Compass Mining grew quickly during crypto’s halcyon days. Now, its customers and their thousands of mining machines are stuck.
An armed guard patrols in front of illuminated mining rigs mounted inside racks at the BitRiver Rus LLC cryptocurrency...
Photographer: Andrey Rudakov/Bloomberg/Getty Images

It was 8:45 in the morning of June 13 when Bill Stewart, the CEO of Maine-based bitcoin mining business Dynamics Mining, received a call from one of his employees. “He's like, ‘Every machine inside of our facility in Brunswick [​​in Cumberland County, Maine] has been taken,’” Stewart says. “That's crazy.

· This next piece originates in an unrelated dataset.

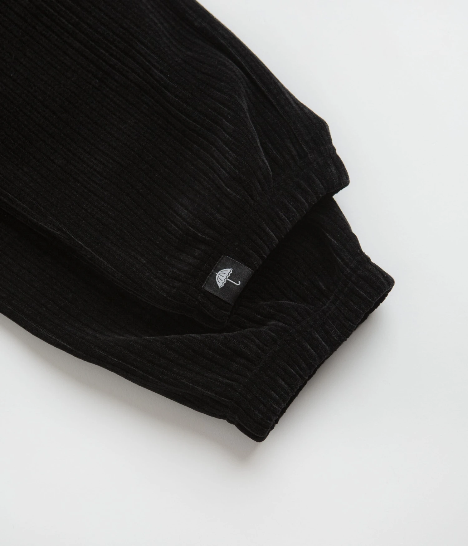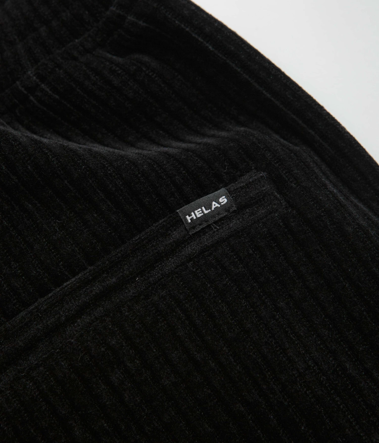 Hélas Damerino Sweatpants in Black. Made from a polyester-spandex blend, these colour block Hélas sweatpants are designed with a ribbed velour construction. Featuring an elasticated drawstring waist, elasticated cuffs and a tapered leg cut, these black Hélas sweatpants are finished with two front pockets, a single rear pocket and embroidered logo branding.

I couldn't believe it.” 

He alerted personnel manning another mining facility, in nearby Lewiston [in Androscoggin County, Maine], and told them to “be on their toes.” He thought a burglar was at large. Stewart had a theory on who might have taken the machines: In those days he had been wrangling with a customer, Compass Mining—a Delaware company that allowed people to buy mining machines and have them hosted in third-party facilities like Stewart’s—due to a dispute over energy bills. Stewart thought Compass had to pay for them; Compass believed their contract said otherwise. 

A few days earlier, Dynamics had sent Compass a termination letter demanding payment, and shortly thereafter had switched the company’s machines off. Then, Compass Mining staffers had taken their equipment away from Brunswick, and they were about to enter the Lewiston plant to recover more machines. “They're trying to get inside the building,” Stewart says. “And I'm telling my brother, who runs our security, ‘Do not let them into the building. We're not ripping miners out of the wall. Do not let them inside.’”

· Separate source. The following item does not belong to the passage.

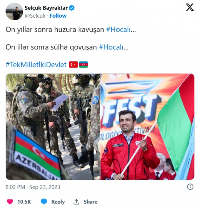 "Baykar” şirkətinin texniki direktoru Səlcuq Bayraktar "X” sosial şəbəkə hesabında Xocalı ilə bağlı paylaşım edib. O yazıb: "On illər sonra hüzura qovuşan Xocalı... On illər sonra sülhə qovuşan Xocalı...”. Paylaşımı təqdim edirik: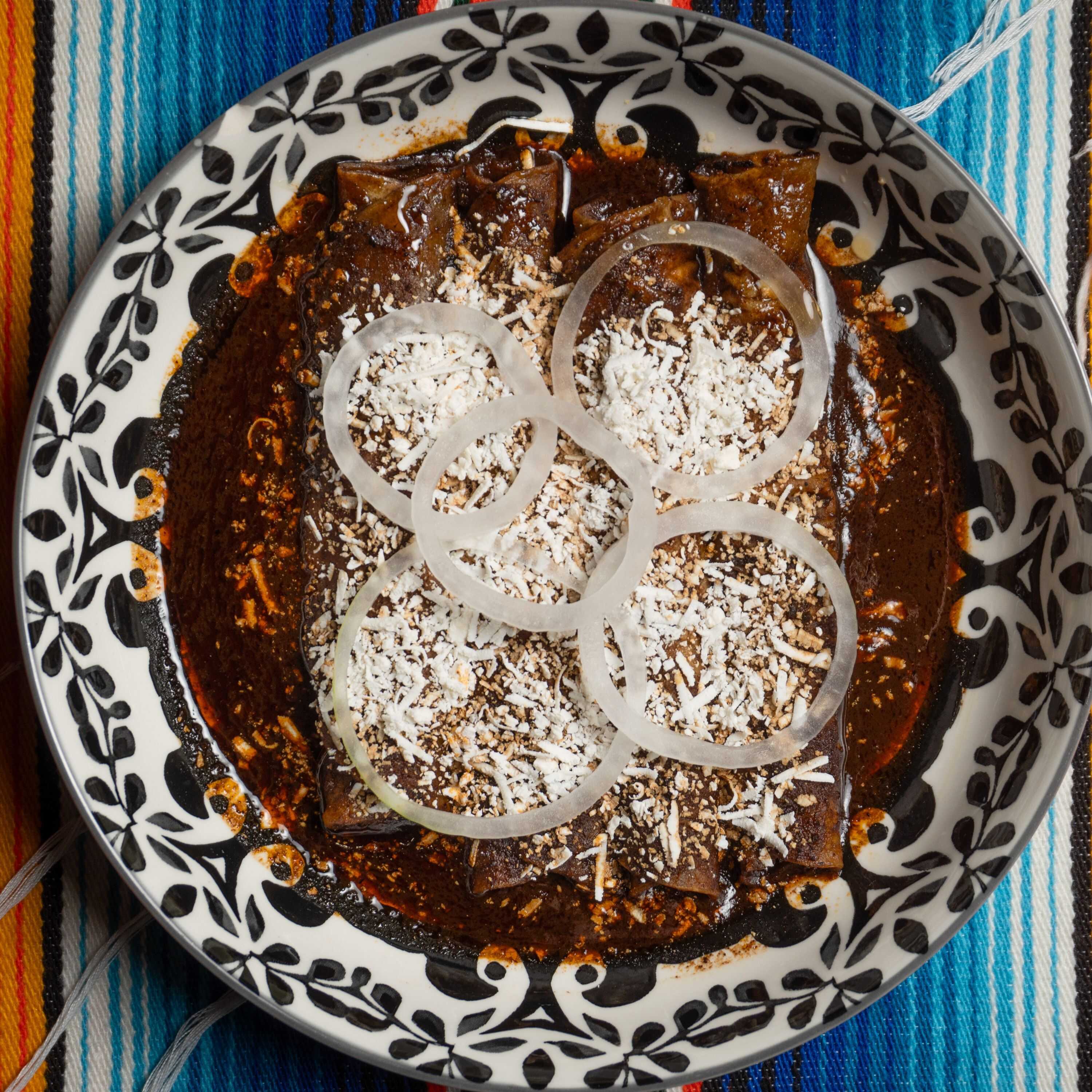 4 pz bañados en un exquisito mole tradicional Naolinqueño acompañado de queso y cebolla

In a lawsuit filed against Dynamics in the Delaware Court of Chancery on June 21, Compass Mining alleged that Stewart, having refused to foot the energy bill he was supposed to pay, had been “holding this valuable equipment hostage to gain leverage in negotiations.” The way Stewart tells it, he simply wanted the removal to happen in an orderly fashion as opposed to hastily and under cover of darkness. What’s more, he says, for a while he had considered continuing to host the machines on behalf of Compass’ customers, cutting out the middleman. “Their customers were reaching out, saying, ‘Hey, can we just mine directly with you?’” Stewart says. The reason that couldn’t happen, Stewart says, is that Compass had not given its customers the identifying serial numbers of the machines they had bought, and there was no way for Stewart to know who owned what.

On July 5 the Court granted Compass’ request to get its machines back, but underlined that that should happen following a formal request to unmount and relocate the machines. Stewart says that during the removal, Compass’ team also grabbed one of Dynamics’ own servers—that is confirmed in an email by one of Compass’ lawyers to Stewart, mentioning how the server had been “inadvertently scooped up” and asking how to return it.

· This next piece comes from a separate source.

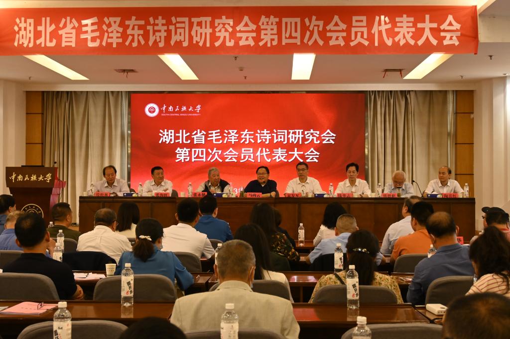 在第一項議程中,我校黨委常委、副書記、副校長宋發軍指出,毛澤東詩詞內涵深厚,影響深遠,是史詩合一、史哲合一的革命文學形態,是歷久彌新、宏大高遠的精神食糧,是時代傳承的紅色文學精品,也是植入中國人精神面貌品質的文化基因,是新中國文化、美術、音樂等文化藝術創作鑒賞的取材元素。中南民族大學是研究毛澤東詩詞的重鎮,老一輩學人何聯華、劉海清、王海濤等人在研究方面取得了很大成就,何聯華教授為江蘇電視臺拍攝的專題片《指點江山——毛澤東詩詞故事》全集撰稿,出版了《毛澤東詩詞研究史》著作;中年學者劉為欽、楊彬、羅義華、彭衛紅等人也在毛澤東詩詞研究方面取得不菲的成就;青年教師雷登輝、黨永輝、蔡東也在毛澤東詩詞研究領域嶄露頭角。作為湖北省毛澤東詩詞研究會的法人單位,我校將全力做好服務保障工作,共同推動湖北省毛澤東詩詞研究會向更深、更遠的方向前行。

“Our team is laser-focused on serving our clients, and will do so in accordance with the contracts we have in place with our service providers, and by resolving any disputes arising from a fundamental misunderstanding of these contracts in a court of law,” Compass interim co-CEO Thomas Heller said in an email interview.

Even if Compass had prevailed, the optics of the row was terrible. Stewart had chronicled the dispute on Twitter as it played out—accusing Compass of owing him hundreds of thousands of dollars in energy bills, and of having essentially broken into Dynamics’ facility—and thundered at length against Compass in Twitter Spaces. After a vertiginous rise, Compass had spent the last few months in constant crisis mode, until—mere hours after Stewart had started tweeting about his early-morning showdown with the company—it decided to do away with its CEO. At the center of that crisis was Russia’s war with Ukraine, and a bespectacled, curly-haired cybersecurity entrepreneur called Omar Todd.

Todd, based in Australia, cofounded the pro-Julian Assange WikiLeaks Party in 2013—which went on to compete in the Australian national election and secure 0.6 percent of the vote; in 2016, he joined the pugnacious marine conservation charity Sea Shepherd as a director. In recent months, his work description has grown once more: In his spare time, Todd is orchestrating an international legal effort to rescue thousands of bitcoin mining machines from Compass in Siberia.

The approximately 4,000 mining rigs, whose value Bloomberg has reported at $30 million, are stranded in Russia due to Western sanctions following Moscow’s invasion of Ukraine.

The machines had initially operated in a Russian mining farm under a partnership between Compass, and Russian firm BitRiver. Compass had sold machines to ordinary users and installed them in a BitRiver facility for the price of the rigs plus the payment of a monthly hosting fee.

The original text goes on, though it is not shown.